The Rule. If, after trading outside the Value Area, we then trade back into the Value Area (VA) and the market closes inside the VA in one of the 30 minute brackets then there is an 80% chance that the market will trade back to the other side of the VA.

Why 99% of traders fail? ›

The most common reason for failure in trading is the lack of discipline. Most traders trade without a proper strategic approach to the market. Successful trading depends on three practices.

Who is the best trader in the world? ›

1. George Soros. George Soros, often referred to as the «Man Who Broke the Bank of England», is an iconic figure in the world of forex trading. His net worth, estimated at around $8 billion, reflects not only his financial success but also his enduring influence on global markets.

How much have most people lost in the stock market? ›

The top 10% of Americans have lost over $8 trillion in stock market wealth this year, which marks a 22% decline in their stock wealth, according to the Federal Reserve. The top 1% has lost over $5 trillion in stock market wealth. The bottom 50% have lost about $70 billion in stock wealth.

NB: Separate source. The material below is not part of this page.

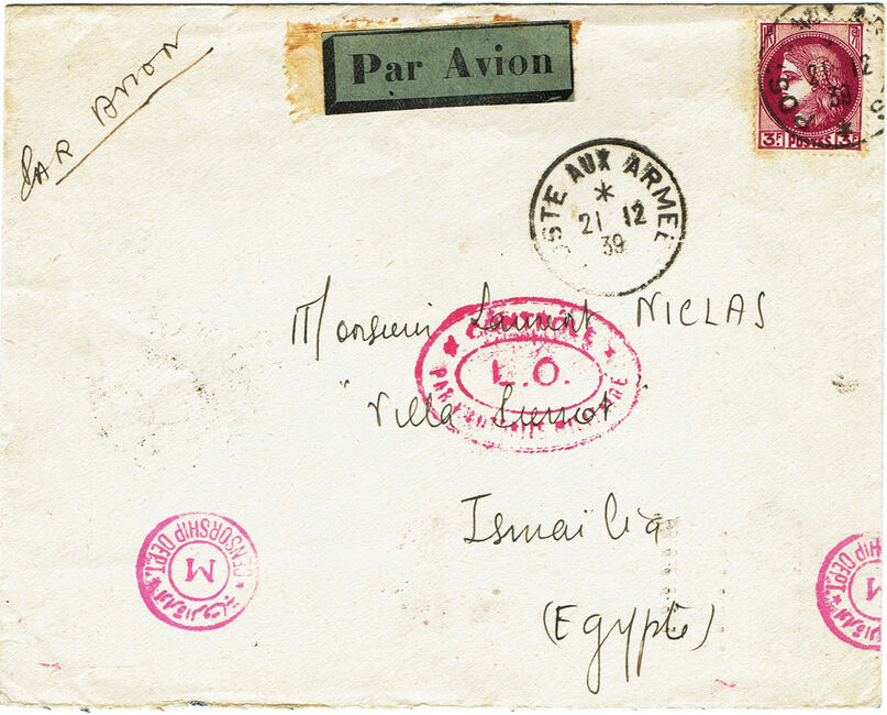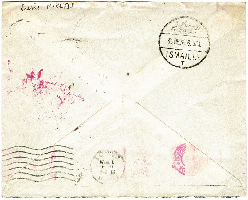 Lettre envoyée le 21 décembre 1939 à destination de l’Egypte avec double censure du Levant (contrôle L0 de Beyrouth) et égyptienne.

Do most people lose money trading? ›

The vast majority of day traders lose money, reflecting the activity's risk. The factors that determine the potential upside of day trading include starting capital amount, strategies used, the markets in which you are active, and luck.

Can you lose more than 100% in stocks? ›

Stocks can only drop to $0.00 per share, meaning you can lose 100% of your investment but not more than that, seeing as the stock cannot be of negative value.